I'm listening to Dennis Franchione right now talking on WWL about this expansion stuff. It appears that some Alabama fans may think that because Franchione "rejected" Alabama for A&M, there must be something special about A&M. Trust me, please. That is a mirage. Franchione left Alabama for A&M, I think, because his wife didn't like Alabama. She must not have liked A&M much either. Don Meredith explained what I'm trying to tell you when he told Bear Bryant years ago, "Coach, if you were anywhere in the worldexcept A&M, (I'd come play for you)." [
Bear, p. 124] Bear's comment about A&M fans [p.125] is one I can second the motion on:
"And those doggone Aggies are unbelievable. Aggie Exes, they call them. They make the worst enemies there are. You get two of them together and you get big talking. Just the sweetest, most obnoxious guys."
Folks, why do you think Bear Bryant left Texas A&M in 1958 to come to Alabama? He came back home, and left that over there. I say, leave it to them over there. Let Texas and A&M have at it. It's a rivalry, just like Alabama-Auburn is a rivalry. No, A&M is perhaps no longer the "penitentiary" Bryant said it looked like [p. 124], because they are now co-educational. Evidently, the military thing has been toned down, I don't know. But it is still Texas A&M. (If you want to email me for my source of information, you are welcome.)

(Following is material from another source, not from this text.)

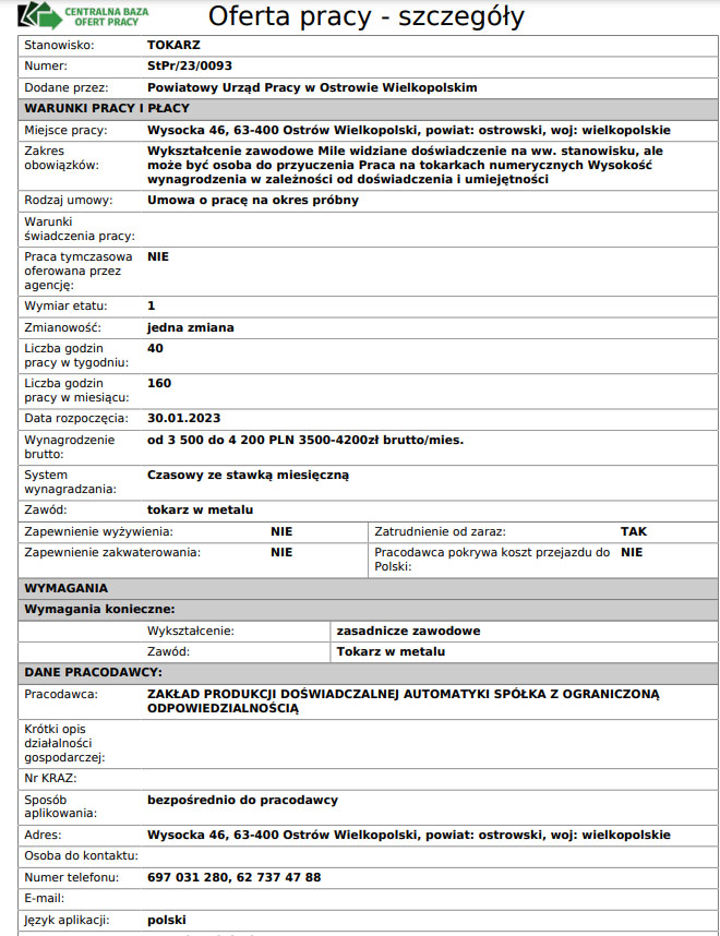 Publikujemy oferty pracy z Urzędu Pracy z terenu powiatu ostrowskiego. Jeśli jesteś osobą bezrobotną lub w twojej firmie szykują się zwolnienia, a może szukasz lepszej pracy, bo aktualna cię denerwuje, zapoznaj się z poniższymi ofertami.

Bear Bryant went to Texas A&M in the first place because he had come to the conclusion that Kentucky was too small for him and Adolph Rupp, and the only job offer he could find on his desk was from A&M. Bear wrote [p. 123]:
Leaving Kentucky broke Mary Harmon's heart. Worse than that, when she got off the plane at College Station, Texas, she turned white.
It is the
people who make something successful, from the inside out, not the other way around. Col. Sanders made his company successful because he fried chicken the best. The SEC is the best, qualitatively. Now, if an argument can be made for three, four, or five "Superconferences" forming a "new NCAA," I might well like that idea. I could see something happening on that basis. But all this stuff about why we need to do this and that just doesn't pass muster, as far as I am concerned.
I even heard Bobby Hebert today suggest Miami and Georgia Tech as new SEC members. Miami? Puh-lease!